It’s been half a year since my return to AccountingWEB, and such is the pace of change the articles I wrote in January seem tinged with nostalgia, and occasionally regret for what might have been - Help to Grow: Digital, anyone?

The blizzard of news in accounting tech has been as broad as it has been frequent: desktop stalwarts moving to the cloud, cybercrime hitting the accounting sector where it hurts, the rise and fall of crypto, Sage on the comeback trail, pretty much everything to do with Making Tax Digital…

So what does the accounting technology landscape look like? To go ‘the full Dickens’, it seems to be the best of times and the worst of times for accountants.

In many ways, we’re in a golden age of accounting tech. For starters, it’s never been easier to open your own firm. That’s not to say it’s easy - far from it - but with just a laptop, an internet connection, a bit of startup cash and some elbow grease you can get cracking. Systems out there allow you to work from anywhere, anytime, pull in client information at the touch of a button move it around and file it at will.

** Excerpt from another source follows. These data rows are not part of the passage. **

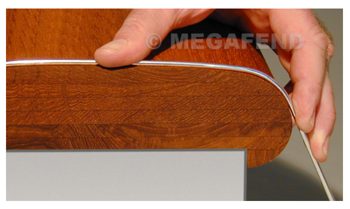
Step 6 — While continuing to hold metal template in place flush against inboard rail side and rail top, start bend around outboard side to approximate outermost point of cap rail profile.
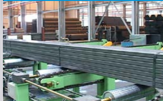
WEIGHING & BUFFER STOCK
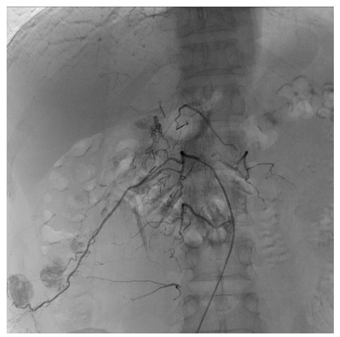
Figure 2: Pre-embolization angiography shows the main arterial supply to the right posterolateral abdominal wall nodules by the 1st right lumbar artery

The post embolization brachial blood pressure returns
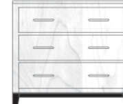
HO65405 36.9375W | 37.875W Optional Metro Legs: CAPL50 32.5H

But at the same time, looking at the bewildering range of options available to accountants, the hype vs the reality, the speed of change in areas like cryptocurrency, and of course the MTD ITSA client handcart careering down the hill towards the profession, you could forgive accountants an envious glance into the simpler times of the past.

And then there’s how technology is positioned in the overall industry. One of the biggest changes I’ve experienced since rejoining AccountingWEB has been how my writing is perceived, processed and reacted to. Articles in my previous roles now seem a bit of a slam-dunk - preaching to the converted, if you will. A quick slapdown to the latest botched IR35 reforms - ahem! A wagging finger at the latest Big Four escapades there - boo! Tax authorities taken your dog away? Woof!

But technology coverage is a different beast. Depending on your role in the profession, you see things quite differently. I’m either a wide-eyed patsy for the software industry or a hard-bitten cynic mowing down the dreams of a dozen Steve Jobs.

From my perspective, it’s my job to report on new companies or products, look at what they do and what problems they purport to solve in the context of the overall market, ask the difficult questions and occasionally offer a bit of commentary. 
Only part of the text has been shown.